Demek ki Aylin'de aynı şeyi fark etmiş, peki Esma'ya bu konuyu nasıl anlatacağız, çok merak ettim. Bu arada elimde tuttuğum kâğıtları tekrar kaldırıp okuyorum. Bilgin Cengiz, Nurullah Hasıroğlu'nun hesabına 500.000$ yatırmış! İş gittikçe tuhaflaşıyordu benim açımdan, aklımın ucundan geçmeyecek şeylerle karşılaşıyordum. Bilgin Cengiz, devlet hastanesinde doktor olarak çalışıyordu, onun bu kadar parayı bulup, bunu başkasının hesabına yatırması çok enteresan bir durum! Bir sorunun cevabını bulamadan diğer bir soru geliyordu aklıma, kesin bu soruların hepsini Aylin'de düşünmüştür bugün. O yüzden daha yeni uyudum dedi. Mesela sorulardan bir diğeri, bisküvi firması sahibiyle bu adamın ne gibi bir alakası olabilirdi ki?

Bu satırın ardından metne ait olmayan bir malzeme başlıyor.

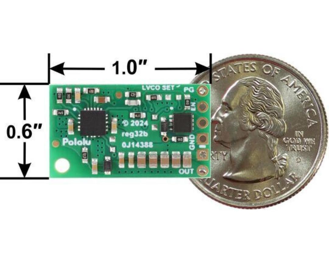 D30V30MAS is one of the modules from the series of miniature voltage regulators from Pololu , based on a synchronized step-down converter . It allows to obtain an output voltage from 4.2 V to 7 V from an input in the range of 4.2 V to 45 V. The maximum continuous output current depends on the input voltage and thermal conditions and is 3 A. It also features a power saving mode and a "power good" indicator that indicates the stability of the output voltage. The compact size and standard pinout make it easy to integrate into prototypes and electronic devices.
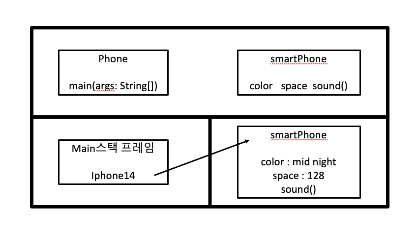smartPhone iphone14가 실행되어 smartPhone객체에 대하나 참조변수 iphone14를 만들었다

Bu düşünceler gittikçe yoğunlaşıyor ve aklım sürekli bunlarla meşgul oluyordu. Kızlara söz verdiğim gibi, aklımdan silmem gereken şeyleri gün geçtikçe siliyor ve bazılarını da unutuyordum. İnsanın gönül yarasını kapatması kadar zor bir iş yokmuş, zaman denilen ilaç her soluk alıp vermekte ilerliyor ve gerçekten alıp gitmesi gerekenleri alıyor, kalması gerekenleri de bırakıyor. Alüvyonları sürükleyen nehirler, kapanması gereken acıları kapatıyor. Hiç olmazsa bir kenara atılmış ucube yaratık gibi görmüyorum artık kendimi. İşin en güzel tarafı da, hayatta birileri üzülmek durumundayken, mutlaka diğer taraf seviniyor. Uzun zamandan beri bu kadar kendimi işe yarar hissetmemiştim, bu da beni oldukça mutlu ediyor. Çalışmayı bıraktım, başımı yastığa koyduğumda,''Neden olmasın, bir daha âşık olabilirim.''dediğimi hatırlıyorum.